What is the first value at which a IEEE 64-bit float cannot distinguish two integers?

I am counting on a Double (IEEE-conformant 64-bit float) to keep track of some very large numbers. The problem is that I need to maintain unit resolution of integers (the ones place).

The problem is that I know that, as IEEE floats increase in value, they decrease in precision. I am sure that at some point, we get something like this:

...
xxxxxxxxxxxxxxxxx04
xxxxxxxxxxxxxxxxx05
xxxxxxxxxxxxxxxxx06
xxxxxxxxxxxxxxxxx08
xxxxxxxxxxxxxxxxx10
...

where some integers cannot be represented at all. I want to know where that point is, so that I might be able to guard against it, warn users, or set company policy.

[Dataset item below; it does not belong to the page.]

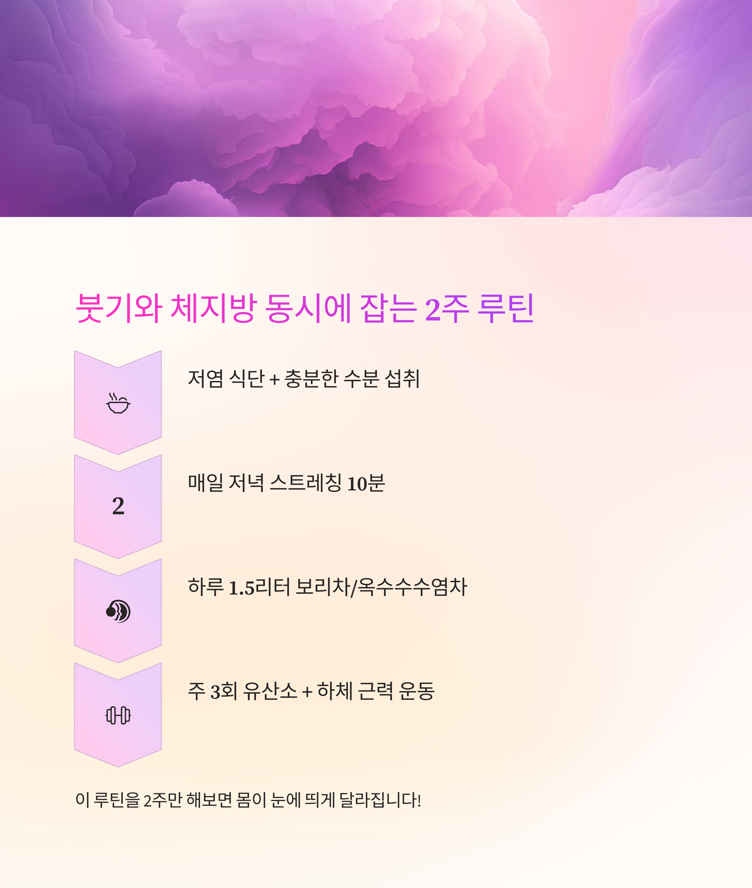 1) 저염 식단 + 수분 섭취 2) 매일 저녁 스트레칭 10분 3) 하루 1.5리터 보리차 또는 옥수수수염차 4) 주 3회 유산소 + 하체 근력 이 루틴을 2주만 해보면 몸이 눈에 띄게 달라집니다!

Note that the I am using floating-point numbers for a good reason; the fraction part is also important to the application, but it is far less important than the integer part.

Solution

The IEEE-754 basic 64-bit binary floating-point format uses 53-bit significands. Every finite number it encodes has the form s • F • 2^e, where s (for sign) is +1 or −1, F (for fraction) is the number of a 53-bit binary numeral b.bbb…bbb (note the “.” after the first bit), and e is an exponent from −1022 to +1023. (Often, floating-point numbers are normalized by shifting the bits to move the first 1 bit to the leading b position and adjusting the exponent to compensate. For discussion of representable values, we can ignore this; all numbers representable with a leading 0 are also representable with a leading 1, as long as the exponent is within bounds, which it is for this question.)

This tells us everything needed to answer the question. Every integer from 0 to 2⁵³−1 is representable in the form +1 • b.bbb…bbb • 2⁵² for some combination of values of the bits b.bbb…bbb. And 2⁵³ is representable as +1 • 1.000…000 • 2⁵³. But 2⁵³+1 is not representable because it would need an F in the form 1.000…0001, where 54 bits are required (the first for 2⁵³ and the last for 2⁰).

After that, 2⁵³+2 is representable, because spanning its highest and lowest 1 bit requires only 53 bits (from 2⁵³ to 2¹). So, at this magnitude, the even integers are representable, and the odd integers are not.

So, the transition from consecutive representable integers to non-representable integers looks like:

9,007,199,254,740,919 = 2⁵³−3 is representable.
9,007,199,254,740,920 = 2⁵³−2 is representable.
9,007,199,254,740,921 = 2⁵³−1 is representable.
9,007,199,254,740,922 = 2⁵³ is representable.
9,007,199,254,740,923 = 2⁵³+1 is not representable.
9,007,199,254,740,924 = 2⁵³+2 is representable.
9,007,199,254,740,925 = 2⁵³+3 is not representable.
9,007,199,254,740,926 = 2⁵³+4 is representable.